The reply should hold every record, copied exactly, and none of the pictures.

[Records from a data source]
____
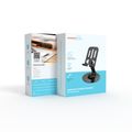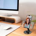 Porodo Blue 360° Rotating Base Desktop Phone Holder with Horizontal and Vertical Viewing, Foldable Design, Adjustable Arm, Stable and Non-Slip Base, One-Handed Operation, Universal Compatibility - Black
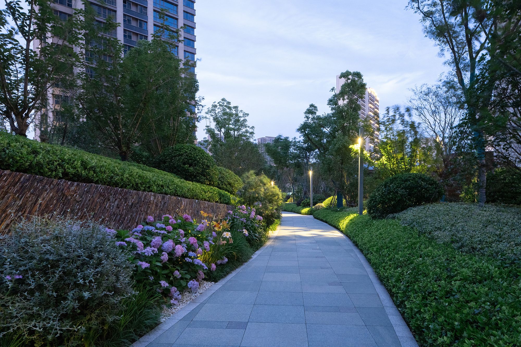 The project draws on the local culture of Yancheng and fuses with elegant curves of the undulating wetland. The meandering circulation becomes a fantastic landscape feature in the park as well as a unique landscape language, to express the beauty of Yancheng’s mountains and waters. Meanwhile, based on the concept of “central park”, the landscape design is spread around the central garden, with functional spaces like the children’s playground, pet paradise, sports area, art space, etc. placed at the surroundings. The whole design aims to give occupants an immersive experience.
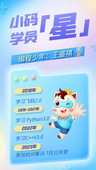 在小码王ACGO社区,有一位特别活跃的学员,他不仅是课程中的学员,更是社区中的热心出题者和激励其他成员的重要力量。他像是一颗璀璨的星辰,闪烁着智慧与创新的光芒。他就是小码王的明星学员——王盛祺。
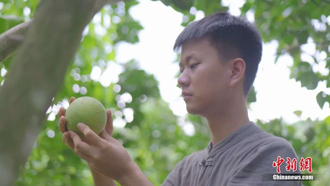 ▲图为全国人大代表、广东茂名化州市培林橘红种植专业合作社社长廖志略采摘化橘红果。(图片来自化州市化橘红专班供中新网)
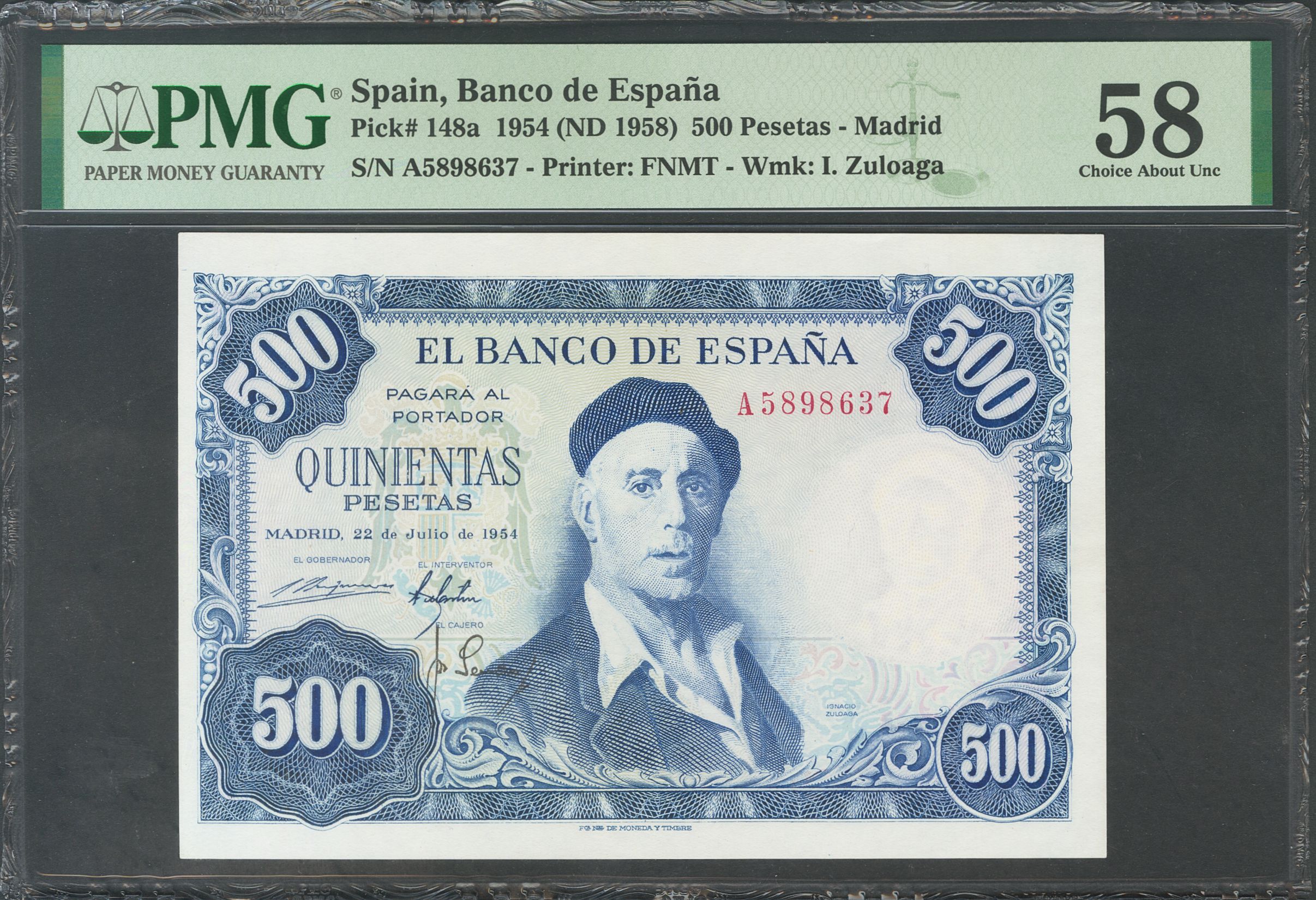 500 Pesetas. July 22, 1954. Series A. (Edifil 2017: 468a). EF+. PMG58 package.
____
Result for this exercise:
 Porodo Blue 360° Rotating Base Desktop Phone Holder with Horizontal and Vertical Viewing, Foldable Design, Adjustable Arm, Stable and Non-Slip Base, One-Handed Operation, Universal Compatibility - Black
 The project draws on the local culture of Yancheng and fuses with elegant curves of the undulating wetland. The meandering circulation becomes a fantastic landscape feature in the park as well as a unique landscape language, to express the beauty of Yancheng’s mountains and waters. Meanwhile, based on the concept of “central park”, the landscape design is spread around the central garden, with functional spaces like the children’s playground, pet paradise, sports area, art space, etc. placed at the surroundings. The whole design aims to give occupants an immersive experience.
 在小码王ACGO社区,有一位特别活跃的学员,他不仅是课程中的学员,更是社区中的热心出题者和激励其他成员的重要力量。他像是一颗璀璨的星辰,闪烁着智慧与创新的光芒。他就是小码王的明星学员——王盛祺。
 ▲图为全国人大代表、广东茂名化州市培林橘红种植专业合作社社长廖志略采摘化橘红果。(图片来自化州市化橘红专班供中新网)
 500 Pesetas. July 22, 1954. Series A. (Edifil 2017: 468a). EF+. PMG58 package.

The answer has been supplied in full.